### Goal of the exercise
Write out the whole listing below exactly, skipping each picture.

### Given records
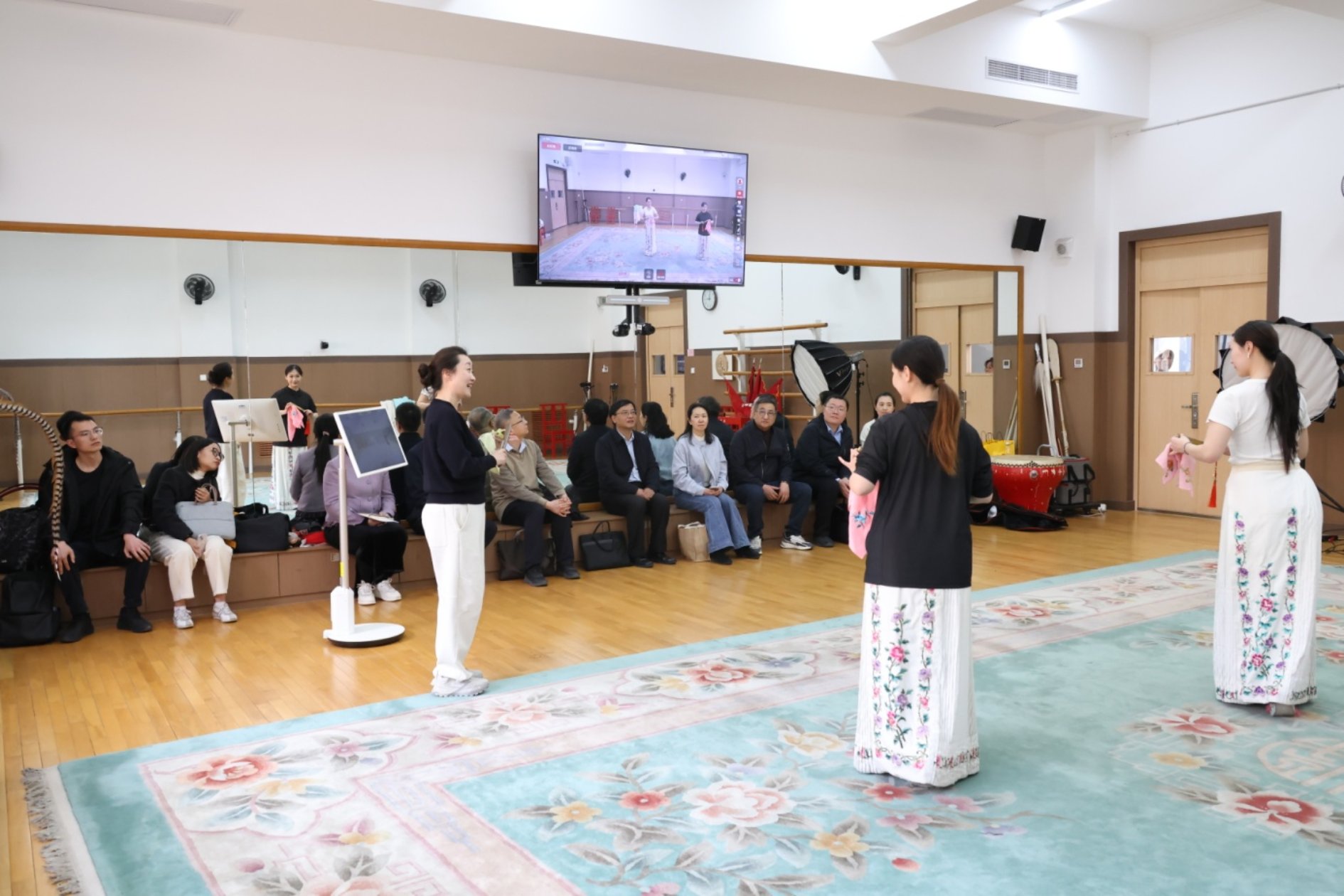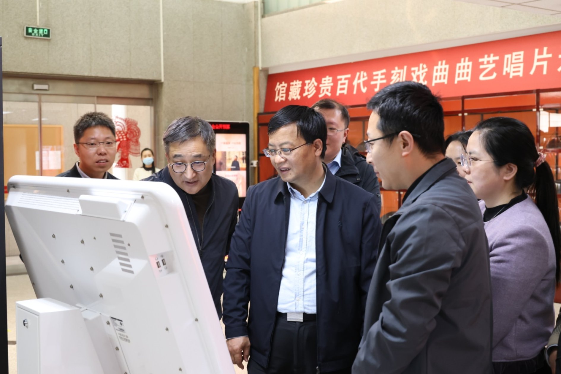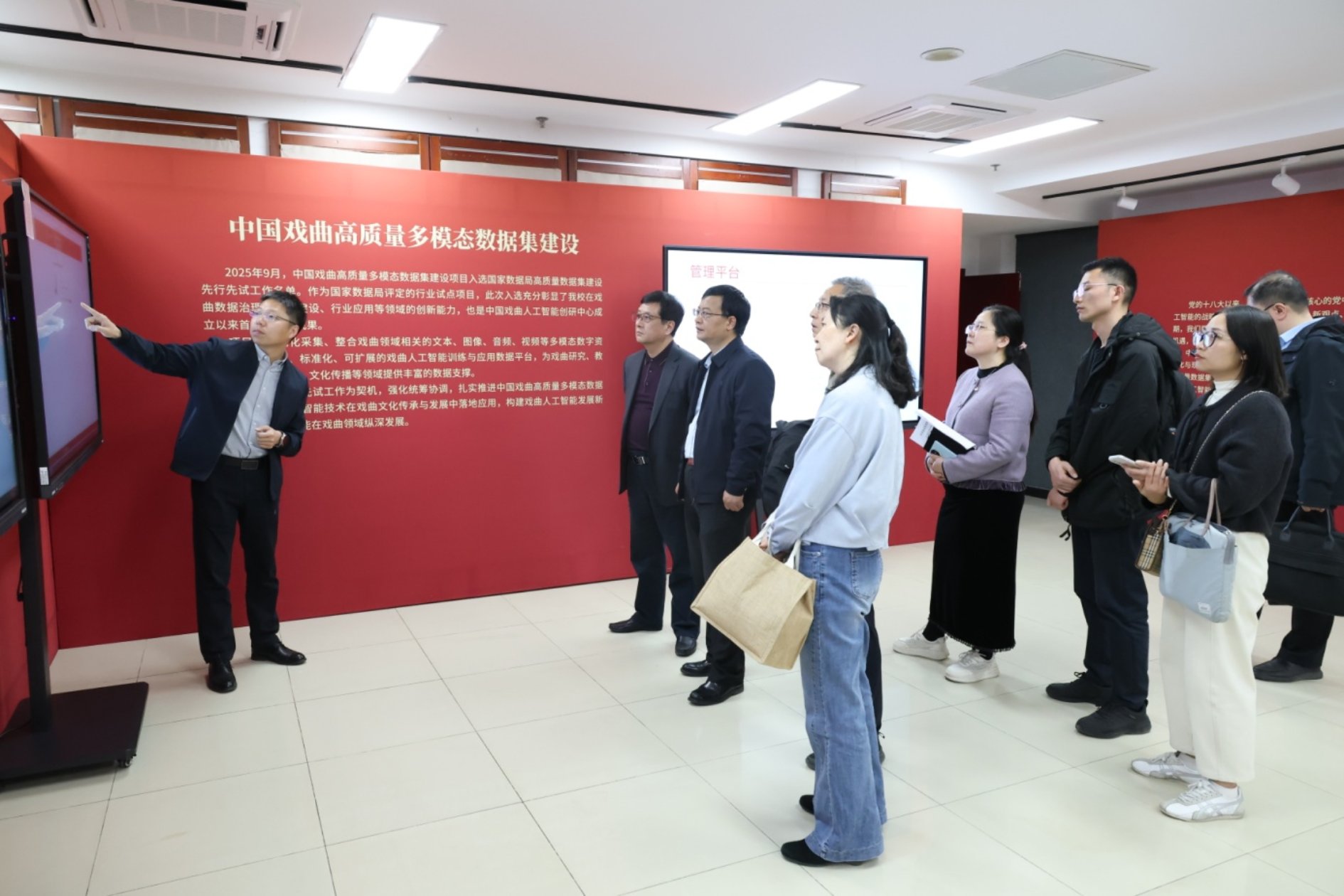 会前,陈胜利一行现场观摩了人工智能在戏曲课堂中的实际应用,参观了学校珍贵手刻戏曲曲艺唱片选展和戏曲人工智能创研成果展。
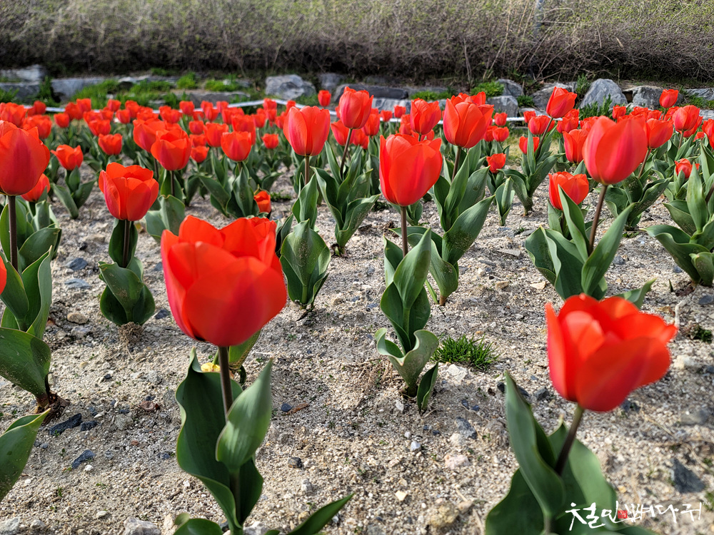 유성구청 아래, 천변에 튤립이 빨갛게 심어져
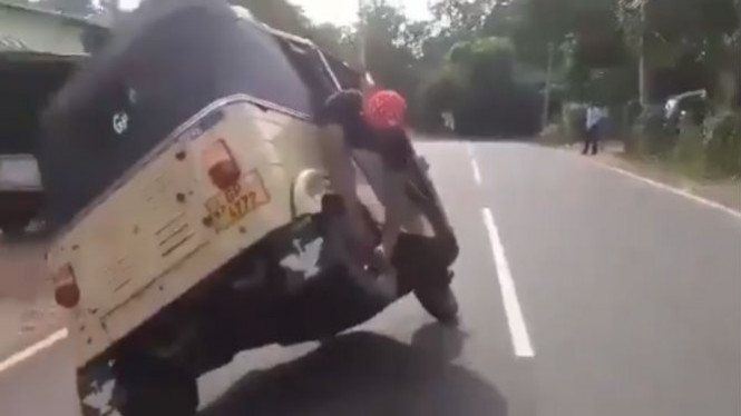 Jika biasanya sebuah kendaraan akan menghentikan lajunya saat mengalami kebocoran ban, berbeda dengan bajaj di India yang satu ini. Sopir bajaj ini nekat mengganti bannya yang bocor sambil tetap melaju. Tentu saja ini berbahaya karena bajaj harus melaju hanya dengan ban di satu sisinya saja.
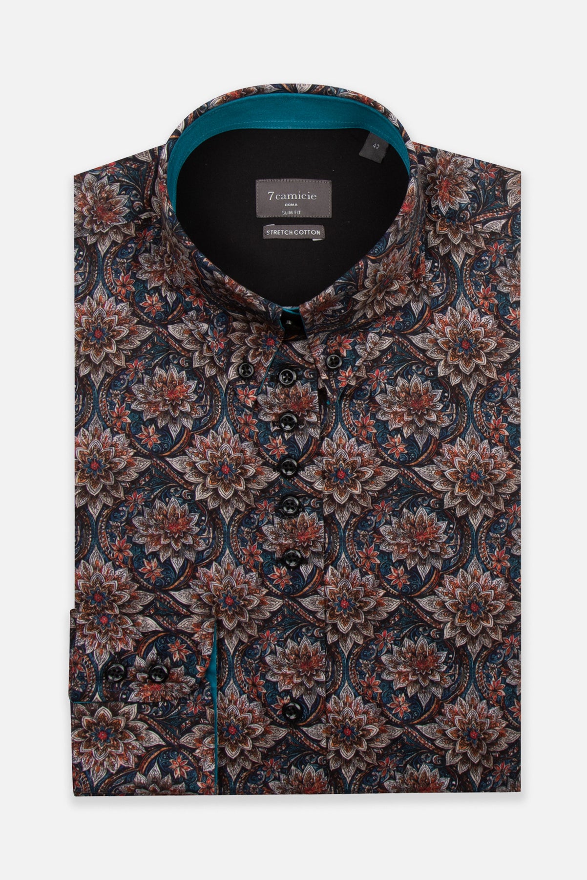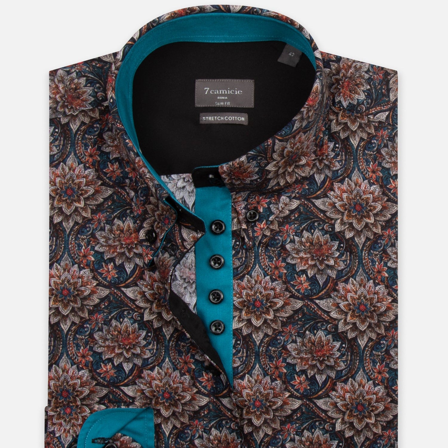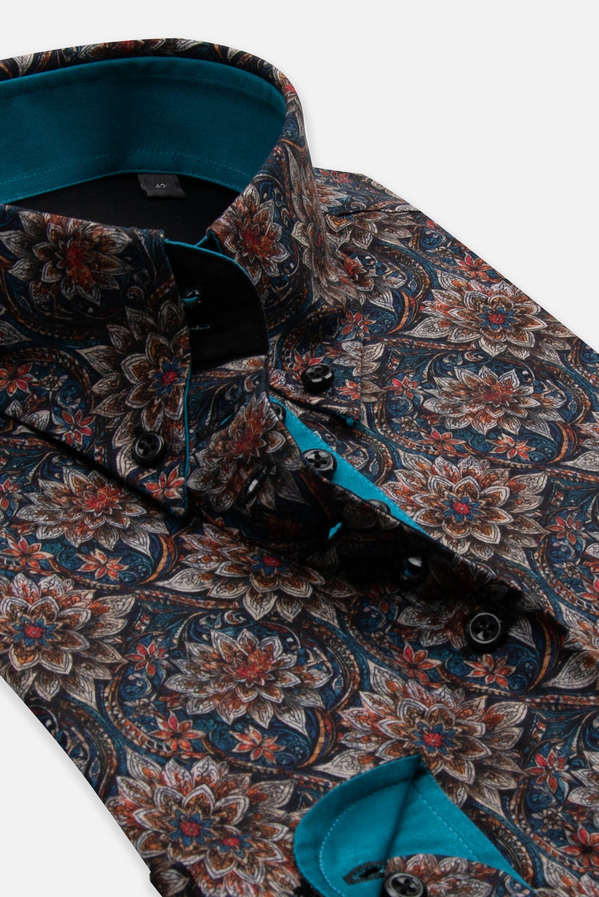 Srajco krasi bogat cvetlični vzorec v odtenkih modre, rjave, bakrene in bež barve, ki skupaj tvorijo eleganten in nekoliko orientalski motiv. Notranjost ovratnika, manšete in del sprednje obrobe so poudarjeni s kontrastno turkizno tkanino, kar doda sodoben in dinamičen pridih.
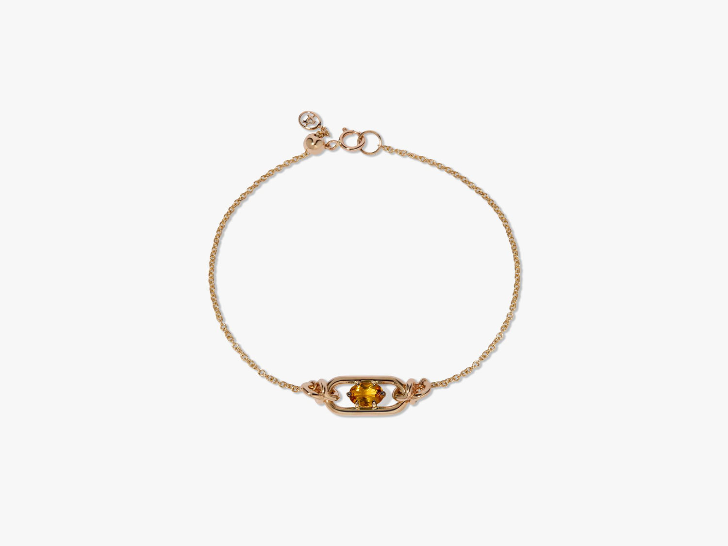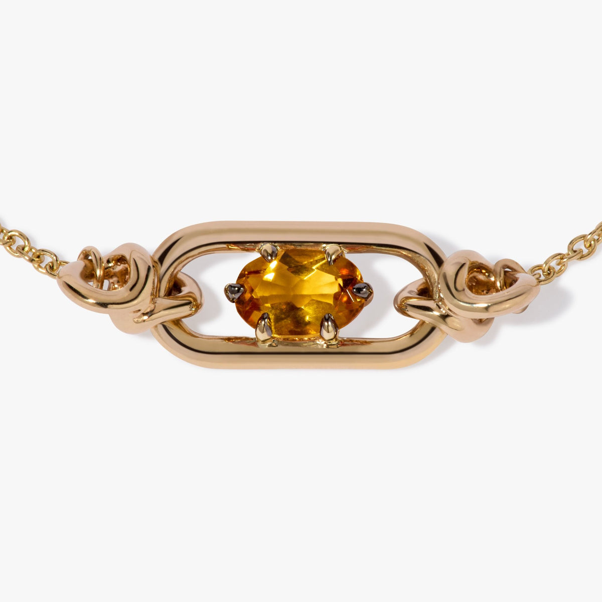 This Gem Set Citrine November Bracelet by Annoushka radiates warmth and prosperity. The solid 14k yellow gold bracelet features a central citrine gemstone within the brand’s signature Knuckle link, framed by two knuckle joints for movement and comfort. The adjustable sizing slider enables tailored wear, making it a radiant choice for everyday elegance.
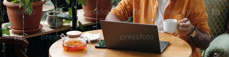 Человек, держащий кофейную кружку сидя за столом с ноутбуком
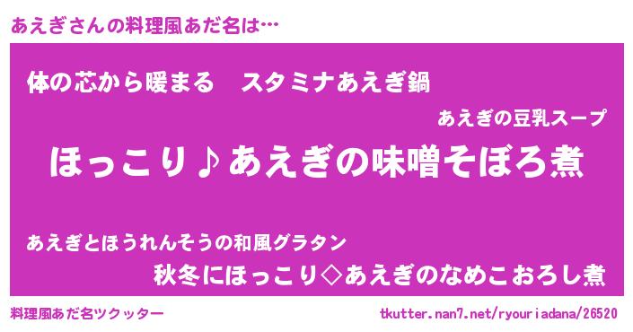 | ヘコむあだ名 | 『あえもー』『牛乳』『あえぷりん』 |
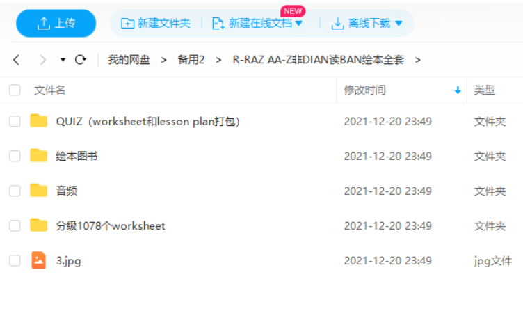 本资源为《Raz-Kids》全套绘本资料有声读物音频+文档打包合集[PDF/MP3]百度云网盘下载,本次资源格式为MP3+PDF,资源做压缩包处理,为避免资源丢失,不要在线解压,请先保存在下载解压便可播放试听。

### Expected answer
 会前,陈胜利一行现场观摩了人工智能在戏曲课堂中的实际应用,参观了学校珍贵手刻戏曲曲艺唱片选展和戏曲人工智能创研成果展。
 유성구청 아래, 천변에 튤립이 빨갛게 심어져
 Jika biasanya sebuah kendaraan akan menghentikan lajunya saat mengalami kebocoran ban, berbeda dengan bajaj di India yang satu ini. Sopir bajaj ini nekat mengganti bannya yang bocor sambil tetap melaju. Tentu saja ini berbahaya karena bajaj harus melaju hanya dengan ban di satu sisinya saja.
 Srajco krasi bogat cvetlični vzorec v odtenkih modre, rjave, bakrene in bež barve, ki skupaj tvorijo eleganten in nekoliko orientalski motiv. Notranjost ovratnika, manšete in del sprednje obrobe so poudarjeni s kontrastno turkizno tkanino, kar doda sodoben in dinamičen pridih.
 This Gem Set Citrine November Bracelet by Annoushka radiates warmth and prosperity. The solid 14k yellow gold bracelet features a central citrine gemstone within the brand’s signature Knuckle link, framed by two knuckle joints for movement and comfort. The adjustable sizing slider enables tailored wear, making it a radiant choice for everyday elegance.
 Человек, держащий кофейную кружку сидя за столом с ноутбуком
 | ヘコむあだ名 | 『あえもー』『牛乳』『あえぷりん』 |
 本资源为《Raz-Kids》全套绘本资料有声读物音频+文档打包合集[PDF/MP3]百度云网盘下载,本次资源格式为MP3+PDF,资源做压缩包处理,为避免资源丢失,不要在线解压,请先保存在下载解压便可播放试听。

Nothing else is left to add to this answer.